Work task. Print the listing in its entirety and exactly, leaving out images.

Data block.
::::
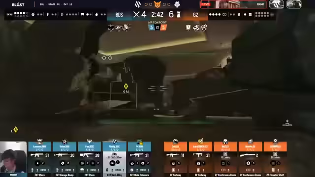 06:07:36In der Map Bank zeichnet sich ein sehr knapper und umkämpfter Spielverlauf ab. G2 gewinnt eine Runde mit nur zwei verbleibenden Spielern, nachdem sie trotz einer anhaltenden Überzahl von BDS durch geschicktes Timing und individuelle Plays entkommen konnten. BDS dominiert in den meisten Phasen der Runden durch Überzahlsituationen, kann diese aber nicht immer in einen Sieg umwandeln. G2s Stärke liegt darin, trotz des Drucks die Runden knapp für sich zu entscheiden. Die Leistung von Spielern wie Blas und Stompton für G2 hebt sich dabei besonders hervor.
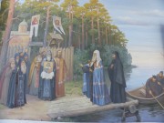 На правой половине святых ворот изображен первый основатель сей обители, преподобный Арсений, а над главою его - Коневская Божия Матерь с парящим вокруг ее сонмом ангелов; на левой половине изображен Святитель Евфимий II, архиепископ Новгородский, первый Владыка, посетивший преподобного Арсения по вселении его на острове Коневце; над главою его нерукотворенный образ Христа Спасителя в сонме ангелов; в самом же верху, в полуциркуле, Господь Бог Саваоф нисходящим от него Духом Святым в виде голубя.
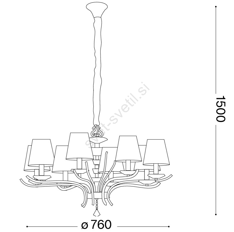 Ideal Lux - Kristalni lestenec na verigi PEGASO 8xE14/28W/230V pr. 76 cm sijajni krom je značilen lep in funkcionalen dizajn. Za svetilko je primerna žarnica z vznožkom E14. Tukaj lahko kupite ostale žarnice po ugodnih cenah.
::::
Solution.
 06:07:36In der Map Bank zeichnet sich ein sehr knapper und umkämpfter Spielverlauf ab. G2 gewinnt eine Runde mit nur zwei verbleibenden Spielern, nachdem sie trotz einer anhaltenden Überzahl von BDS durch geschicktes Timing und individuelle Plays entkommen konnten. BDS dominiert in den meisten Phasen der Runden durch Überzahlsituationen, kann diese aber nicht immer in einen Sieg umwandeln. G2s Stärke liegt darin, trotz des Drucks die Runden knapp für sich zu entscheiden. Die Leistung von Spielern wie Blas und Stompton für G2 hebt sich dabei besonders hervor.
 На правой половине святых ворот изображен первый основатель сей обители, преподобный Арсений, а над главою его - Коневская Божия Матерь с парящим вокруг ее сонмом ангелов; на левой половине изображен Святитель Евфимий II, архиепископ Новгородский, первый Владыка, посетивший преподобного Арсения по вселении его на острове Коневце; над главою его нерукотворенный образ Христа Спасителя в сонме ангелов; в самом же верху, в полуциркуле, Господь Бог Саваоф нисходящим от него Духом Святым в виде голубя.
 Ideal Lux - Kristalni lestenec na verigi PEGASO 8xE14/28W/230V pr. 76 cm sijajni krom je značilen lep in funkcionalen dizajn. Za svetilko je primerna žarnica z vznožkom E14. Tukaj lahko kupite ostale žarnice po ugodnih cenah.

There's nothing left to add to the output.